BI208 Protein Structure and Function NUIG assignment sample Ireland

BI208 is a protein structure and function course offered at many colleges and universities. The course covers the structure and function of proteins, enzymes, and other biomolecules important to living systems. Students learn how proteins are put together and how they work in enzymatic reactions, cell signaling, cell motility, and other processes. Complex problems are posed throughout the term to give students practice in using basic knowledge to solve real-world scenarios.

This protein structure and function course are usually taught as a junior-level undergraduate course, but some schools may offer it as part of a graduate program. The prerequisites for this course include one semester each of organic chemistry, biochemistry, or cell biology (or the equivalent courses).

Proteins are composed of amino acids, which are the building blocks of proteins. There are 20 different amino acids that can be found in proteins. Each amino acid has a unique structure that determines its function. The sequence of amino acids in a protein determines the protein’s three-dimensional structure.

Get Individual Assignment samples for BI208 Protein Structure and Function Course

In this course, there are many types of assignments given to students like individual assignments, group-based assignments, reports, case studies, final year projects, skills demonstrations, learner records, and other solutions given by us. We also provide Group Project Presentations for Irish students.

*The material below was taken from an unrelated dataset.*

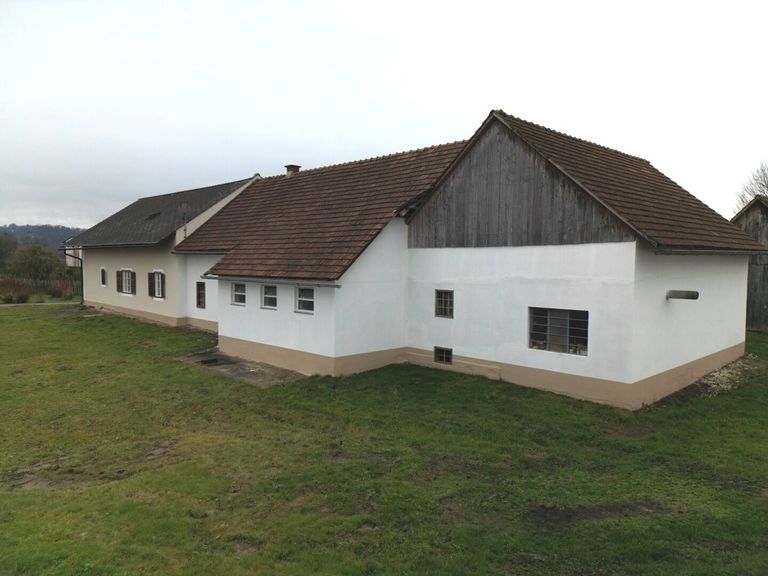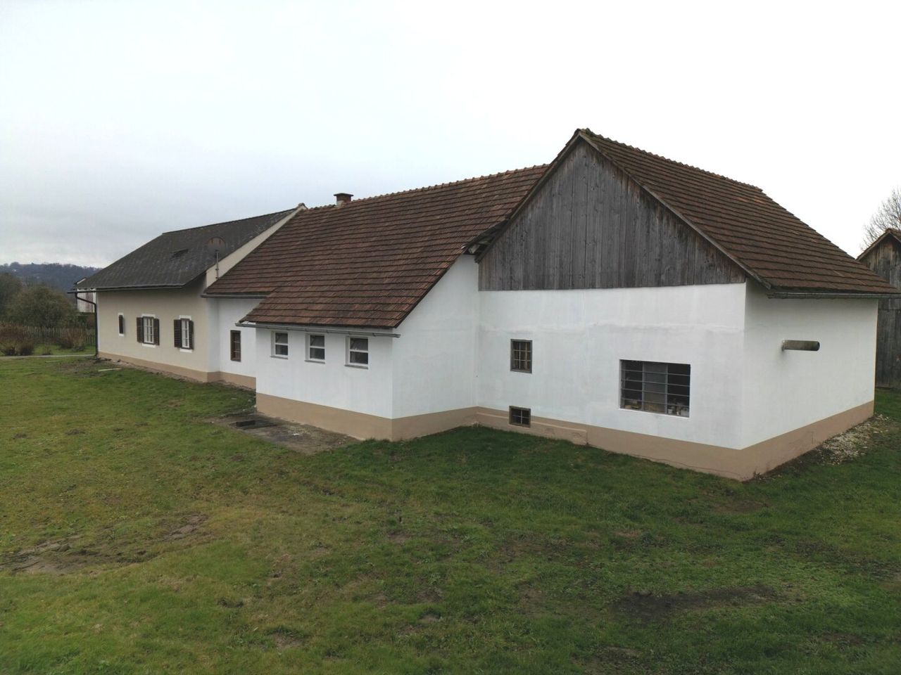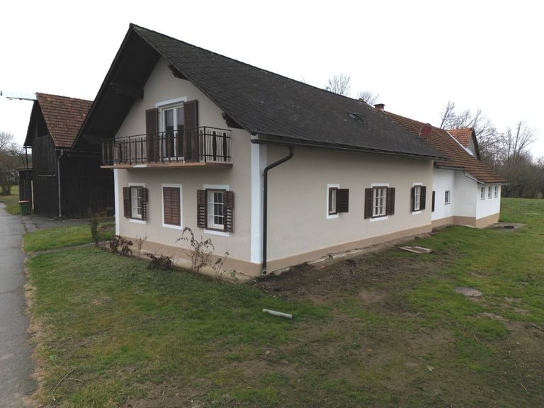 Eichfeld / Mureck - Wir dürfen hier eine kleine Hofstelle ( inaktive Landwirtschaft ) auf insgesamt knapp 1 ha Grund ( ca. 3100 m² davon BaulandDorfgebiet ) in Grünruhelage anbieten. Die Liegenschaft befindet sich am Ortsrand, angrenzend Felder und Wald, und bestehet aus dem Haupthaus, ehemaligen Stallungen, einer Scheune und einem großen Schuppen sowie einem weiteren Nebengebäude.

In this section, we are describing some briefs. These are:

Assignment Brief 1: Describe fully the general molecular structure and function of proteins.

Proteins are large, complex molecules that perform a variety of tasks in the body. They are made up of smaller units called amino acids, which are linked together in long chains. The order of the amino acids determines the structure and function of the protein. Proteins can be found in all cells and tissues, and they play a vital role in cell structure and function.

Proteins are composed of amino acids, which are small organic molecules that contain both an amine group (–NH2) and a carboxyl group (–COOH). There are 20 different amino acids that can be used to make proteins, and each one has a unique chemical structure. Amino acids are joined together by peptide bonds, and the sequence of amino acids in a protein determines the protein’s three-dimensional structure.

Assignment Brief 2: Demonstrate the role of enzymes as nature’s own biocatalysis at the molecular level from studies of kinetics and molecular structure.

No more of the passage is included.